TASK: Every line below is to be copied exactly, with the pictures left out.

DATA Start Marker

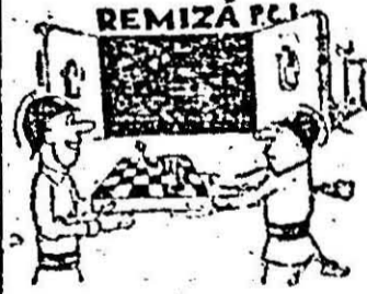
Fără comentarii. Caricatură de IOAN KETT-GROZA
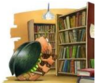
Ranger les livres.
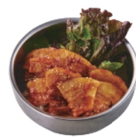
辛豚丼 ¥770 (税込¥832)
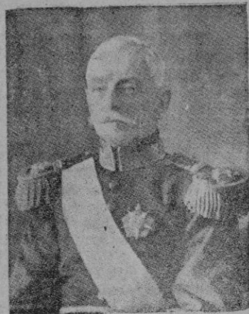
El General Carmona, Jefe del Estado portugués

En la corrida en que tomará parte actuará también la toreadora chilena Conchita Citron, que
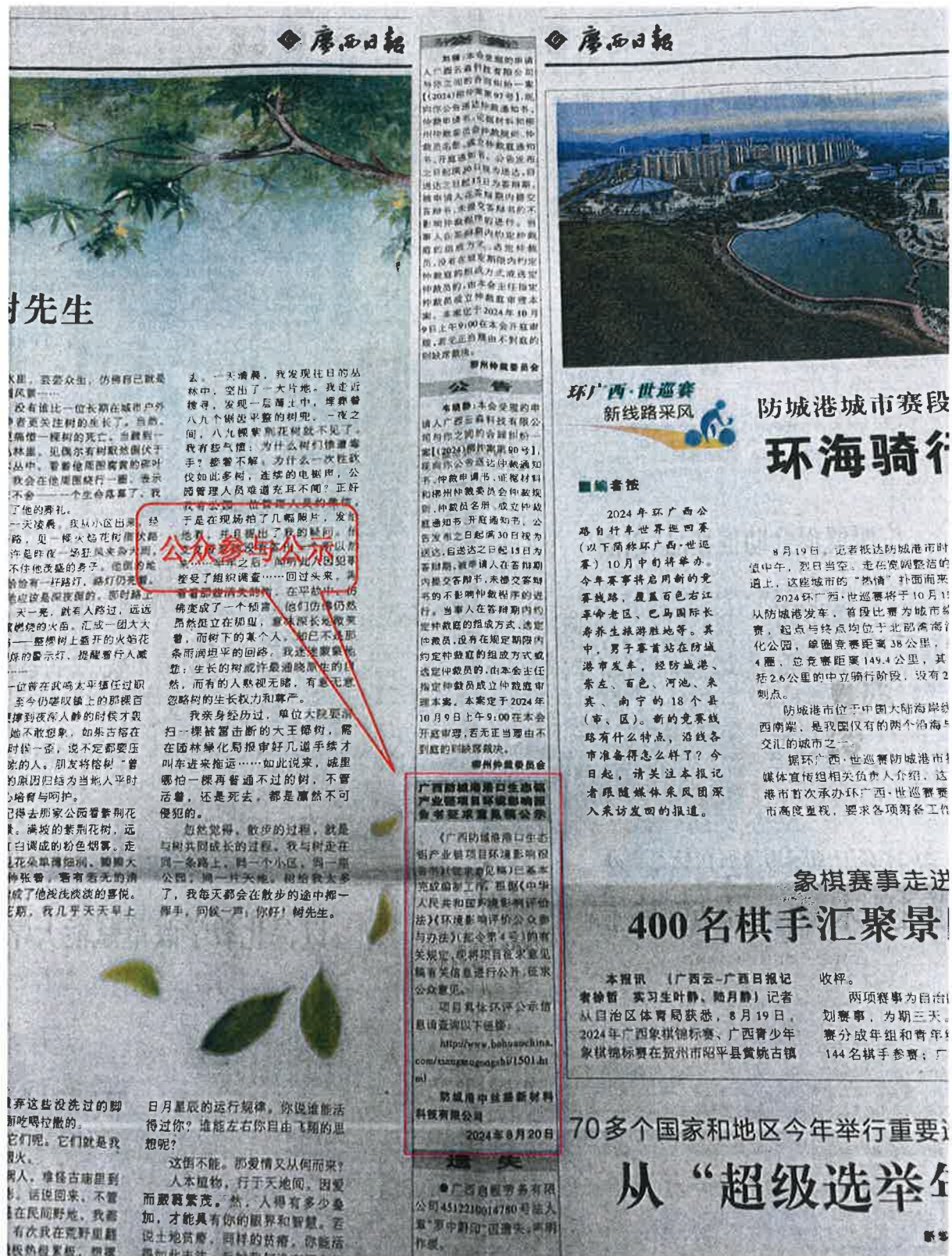
图 3.2-2 环境影响评价公众参与报纸公示 (2024.8.20)

公示。该报纸有较大发行量，受众面广，是本次公众参与调查良好的传播载体。详见图 3.2-2、图 3.2-3。
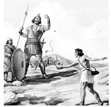
David fought with Goliath

ಪ್ರೀತಿಯ ಸಹೋದರಿ ಮತ್ತು ಸಹೋದರಿಯರೇ, ಯುದ್ಧ ರಣರಂಗಕ್ಕೆ ದಾವಿದನನ್ನು ಕರೆತರುವುದಕ್ಕೆ ದೇವರು ವಿಶೇಷವಾದ ಯೋಜನೆಯನ್ನು ಇಟ್ಟಿದ್ದನು. ದಾವಿದನು ಪ್ರಾರಂಭದಲ್ಲಿ ತಾನು ಕೇವಲ ತನ್ನ ಸಹೋದರಿಗೆ ಆಹಾರವನ್ನು ತಲುಪಿಸುತ್ತಿದ್ದೇನೆ ಎಂದು ನಂಬಿದ್ದನು. ದೇವರು ದೈವತ್ವದ ಯೋಜನೆಯನ್ನು ಹೊಂದಿದ್ದನು. ದಾವಿದನನ್ನು ಇಸ್ರಾಯೇಲ್ಯನ ಅರಸನನ್ನಾಗಿ ಮಾಡುವುದಕ್ಕೆ ಇದು ಮೊದಲ ಹೆಜ್ಜೆಯಾಗಿತ್ತು. ದಾವಿದನಿಗೆ ಆ ಸಮಯದಲ್ಲಿ ಯಾವುದೇ ಸುಳಿವು ಇರಲಿಲ್ಲ. ದೇವರು ಅದ್ವೀತವಾದ ಯೋಜನೆಯನ್ನು ಹೊಂದಿದ್ದನು ಮತ್ತು ಆತನಿಗಾಗಿ ಆಶೀರ್ವಾದದ ಅಂಗಡಿ ಆತನಿಗಾಗಿ ಇತ್ತು.
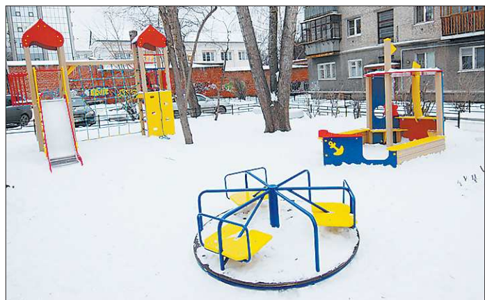
От подачи заявки до появления площадки на Первомайской, 108 прошло чуть больше полугода. Установили новое оборудование за неделю
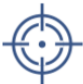
買い注文で1,000円の指値を指定した場合
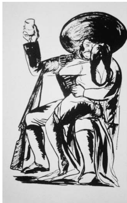
5. Otro de los grabados que impresionaron a Eisenstein. Museo de Eisenstein, Moscú.

teró seguramente a través de la radio, de la prensa o de la publicidad de dicha exposición. Lo buscó y platicaron de su proyecto de una posible película sobre México. Más que la plática con Diego Rivera, tal vez una llamada telefónica a Upton Sinclair, quien le informara que los problemas estaban resueltos, ya que gracias a la intervención del senador Borah el Departamento del Trabajo otorgó una prórroga hasta el 30 de noviembre, lo decidió a perder el barco para regresar a Los Ángeles y proseguir sus preparativos para su Mexican picture .
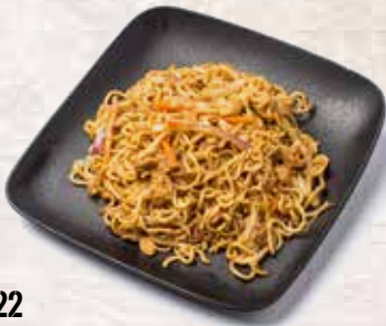
22 Fideos Yakisoba Yakisoba noodles
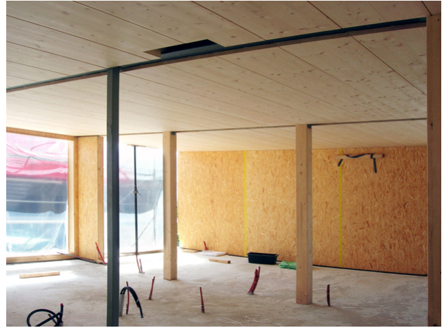
Supports en bois
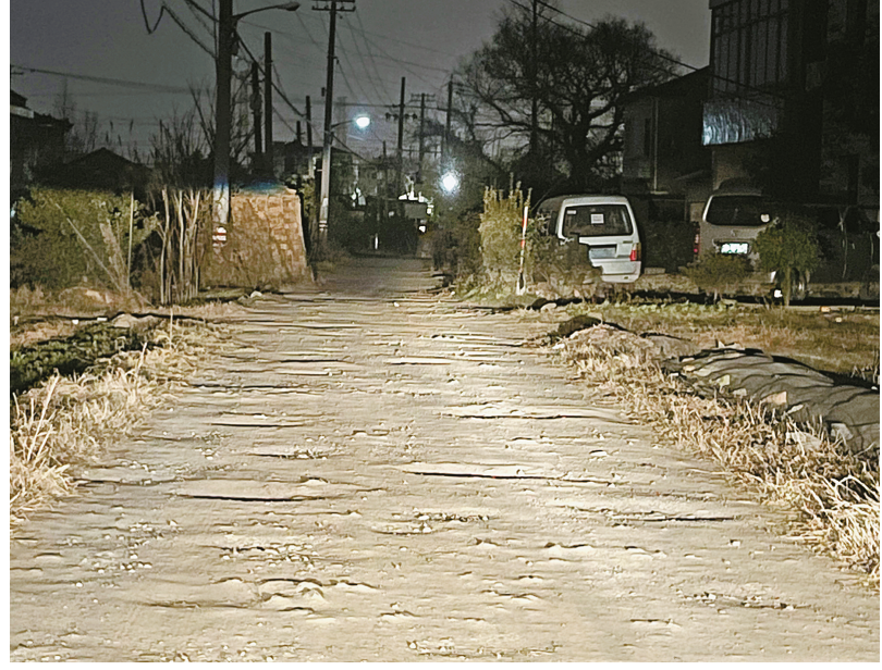
车灯开启后,一眼看不到头的坑洞。

随后,记者又开车体验了这段村道的通行难度。车辆启动时,是一眼看不到头的坑洞,根本没有择
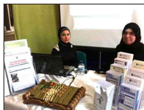
جناح المكتبة في المعرض

شاركت مكتبة كلية البنات الجامعية في معرض «تخصصي مستقبلي» الذي أقامه مكتب العميد المساعد للشؤون الطلابية بكلية البنات الجامعية في بداية أبريل الحالي ايماناً منها بأهمية فتح قنوات التواصل بين المكتبة والمجتمع المحلي للكلية من اعضاء هيئة التدريس والطلابات. واستعرضت مكتبة كلية البنات الجامعية في المعرض مصادر المعلومات الالكترونية المتاحة من خلال الموقع الالكتروني لإدارة المكتبات ( http://library.kuniv.edu.kw ) بدءاً من الفهرس الآلي والكتب الالكترونية والدوريات الالكترونية مع توضيح كيفية استخدامها.
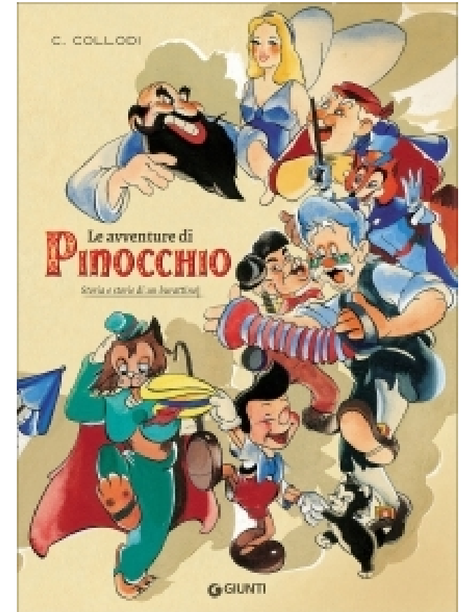
Le avventure di Pinocchio. Storia e Storie di un Burattino, ed. Illustrata dallo Studio IPI nel 1940 per ed. Marzocco (riedite da Giunti, 2016)
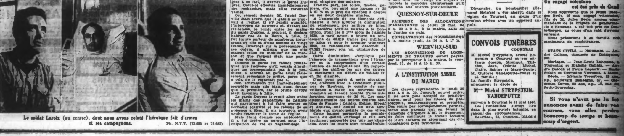
Le soldat Laroix (au centre), dont nous avons relaté l'héroïque fait d'armes et ses compagnons.
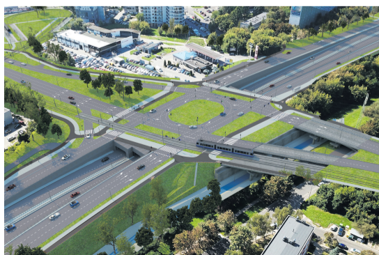
Linia tramwajowa Krowodrza Górka-Górka Narodowa, wizualizacja INTERCOR Sp. z o.o., TOR-KRAK Sp. z o.o.

Bardzo ważna dla komfortu przemieszczania się była realizacja projektów związanych z integracją różnych środków transportu o znaczeniu ponadlokalnym. Na budowę węzłów przesiadkowych, stacji Szybkiej Kolei Aglomeracyjnej, parkingów P+R i rozwój systemu informacji dla podróżujących przeznaczono ponad
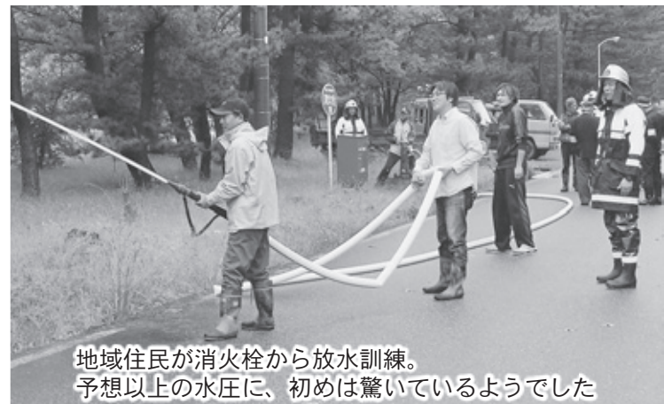
地域住民が消火栓から放水訓練。予想以上の水圧に、初めは驚いているようでした
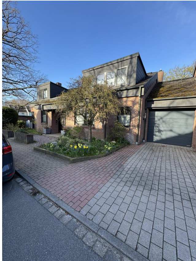
Haus von vorn
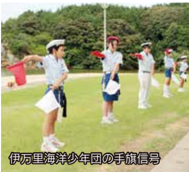
伊万里海洋少年団の手旗信号

イマリンビーチで海開きがありました。地元福田区による安全祈願の神事のあと、伊万里海洋少年団の手旗信号やシーバード伊万里による救助訓練が披露されました。続いての初泳ぎでは、今か今かと待ち構えていた地元の幼稚園と保育園の園児たちが一斉に海に入って水遊び。稚エビやカサゴの稚魚の放流も体験し、楽しい夏の日を過ごしました。
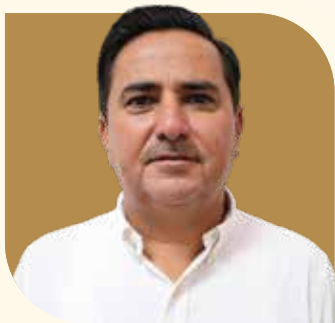
Encargado de Despacho de la Dirección General de Ecología y Medio Ambiente
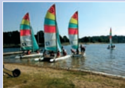
Centre Voile et Nature - Trémelin
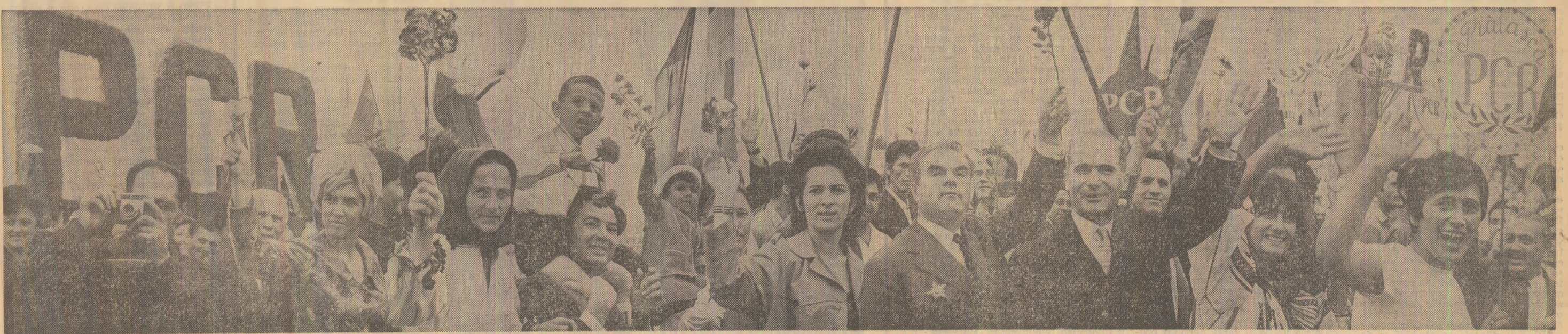
Entuziastă, optimistă plină de însuflețire, populația Bucureștiului adresează conducătorilor de partid și de stat aflați în tribune, tovarășului Nicolae Ceaușescu, urări de sănătate și fericire, cuvinte de înaltă dragoste și prețuire, exprimind totodată hotărârea întregului nostru popor de a transpune în viață mărețul program de desăvârșire a construcției socialiste, elaborat și condus de partid.

DATA End Marker

SOLUTION FOR THIS EXERCISE:
Fără comentarii. Caricatură de IOAN KETT-GROZA
Ranger les livres.
辛豚丼 ¥770 (税込¥832)
El General Carmona, Jefe del Estado portugués

En la corrida en que tomará parte actuará también la toreadora chilena Conchita Citron, que
图 3.2-2 环境影响评价公众参与报纸公示 (2024.8.20)

公示。该报纸有较大发行量，受众面广，是本次公众参与调查良好的传播载体。详见图 3.2-2、图 3.2-3。
David fought with Goliath

ಪ್ರೀತಿಯ ಸಹೋದರಿ ಮತ್ತು ಸಹೋದರಿಯರೇ, ಯುದ್ಧ ರಣರಂಗಕ್ಕೆ ದಾವಿದನನ್ನು ಕರೆತರುವುದಕ್ಕೆ ದೇವರು ವಿಶೇಷವಾದ ಯೋಜನೆಯನ್ನು ಇಟ್ಟಿದ್ದನು. ದಾವಿದನು ಪ್ರಾರಂಭದಲ್ಲಿ ತಾನು ಕೇವಲ ತನ್ನ ಸಹೋದರಿಗೆ ಆಹಾರವನ್ನು ತಲುಪಿಸುತ್ತಿದ್ದೇನೆ ಎಂದು ನಂಬಿದ್ದನು. ದೇವರು ದೈವತ್ವದ ಯೋಜನೆಯನ್ನು ಹೊಂದಿದ್ದನು. ದಾವಿದನನ್ನು ಇಸ್ರಾಯೇಲ್ಯನ ಅರಸನನ್ನಾಗಿ ಮಾಡುವುದಕ್ಕೆ ಇದು ಮೊದಲ ಹೆಜ್ಜೆಯಾಗಿತ್ತು. ದಾವಿದನಿಗೆ ಆ ಸಮಯದಲ್ಲಿ ಯಾವುದೇ ಸುಳಿವು ಇರಲಿಲ್ಲ. ದೇವರು ಅದ್ವೀತವಾದ ಯೋಜನೆಯನ್ನು ಹೊಂದಿದ್ದನು ಮತ್ತು ಆತನಿಗಾಗಿ ಆಶೀರ್ವಾದದ ಅಂಗಡಿ ಆತನಿಗಾಗಿ ಇತ್ತು.
От подачи заявки до появления площадки на Первомайской, 108 прошло чуть больше полугода. Установили новое оборудование за неделю
買い注文で1,000円の指値を指定した場合
5. Otro de los grabados que impresionaron a Eisenstein. Museo de Eisenstein, Moscú.

teró seguramente a través de la radio, de la prensa o de la publicidad de dicha exposición. Lo buscó y platicaron de su proyecto de una posible película sobre México. Más que la plática con Diego Rivera, tal vez una llamada telefónica a Upton Sinclair, quien le informara que los problemas estaban resueltos, ya que gracias a la intervención del senador Borah el Departamento del Trabajo otorgó una prórroga hasta el 30 de noviembre, lo decidió a perder el barco para regresar a Los Ángeles y proseguir sus preparativos para su Mexican picture .
22 Fideos Yakisoba Yakisoba noodles
Supports en bois
车灯开启后,一眼看不到头的坑洞。

随后,记者又开车体验了这段村道的通行难度。车辆启动时,是一眼看不到头的坑洞,根本没有择
جناح المكتبة في المعرض

شاركت مكتبة كلية البنات الجامعية في معرض «تخصصي مستقبلي» الذي أقامه مكتب العميد المساعد للشؤون الطلابية بكلية البنات الجامعية في بداية أبريل الحالي ايماناً منها بأهمية فتح قنوات التواصل بين المكتبة والمجتمع المحلي للكلية من اعضاء هيئة التدريس والطلابات. واستعرضت مكتبة كلية البنات الجامعية في المعرض مصادر المعلومات الالكترونية المتاحة من خلال الموقع الالكتروني لإدارة المكتبات ( http://library.kuniv.edu.kw ) بدءاً من الفهرس الآلي والكتب الالكترونية والدوريات الالكترونية مع توضيح كيفية استخدامها.
Le avventure di Pinocchio. Storia e Storie di un Burattino, ed. Illustrata dallo Studio IPI nel 1940 per ed. Marzocco (riedite da Giunti, 2016)
Le soldat Laroix (au centre), dont nous avons relaté l'héroïque fait d'armes et ses compagnons.
Linia tramwajowa Krowodrza Górka-Górka Narodowa, wizualizacja INTERCOR Sp. z o.o., TOR-KRAK Sp. z o.o.

Bardzo ważna dla komfortu przemieszczania się była realizacja projektów związanych z integracją różnych środków transportu o znaczeniu ponadlokalnym. Na budowę węzłów przesiadkowych, stacji Szybkiej Kolei Aglomeracyjnej, parkingów P+R i rozwój systemu informacji dla podróżujących przeznaczono ponad
地域住民が消火栓から放水訓練。予想以上の水圧に、初めは驚いているようでした
Haus von vorn
伊万里海洋少年団の手旗信号

イマリンビーチで海開きがありました。地元福田区による安全祈願の神事のあと、伊万里海洋少年団の手旗信号やシーバード伊万里による救助訓練が披露されました。続いての初泳ぎでは、今か今かと待ち構えていた地元の幼稚園と保育園の園児たちが一斉に海に入って水遊び。稚エビやカサゴの稚魚の放流も体験し、楽しい夏の日を過ごしました。
Encargado de Despacho de la Dirección General de Ecología y Medio Ambiente
Centre Voile et Nature - Trémelin
Entuziastă, optimistă plină de însuflețire, populația Bucureștiului adresează conducătorilor de partid și de stat aflați în tribune, tovarășului Nicolae Ceaușescu, urări de sănătate și fericire, cuvinte de înaltă dragoste și prețuire, exprimind totodată hotărârea întregului nostru popor de a transpune în viață mărețul program de desăvârșire a construcției socialiste, elaborat și condus de partid.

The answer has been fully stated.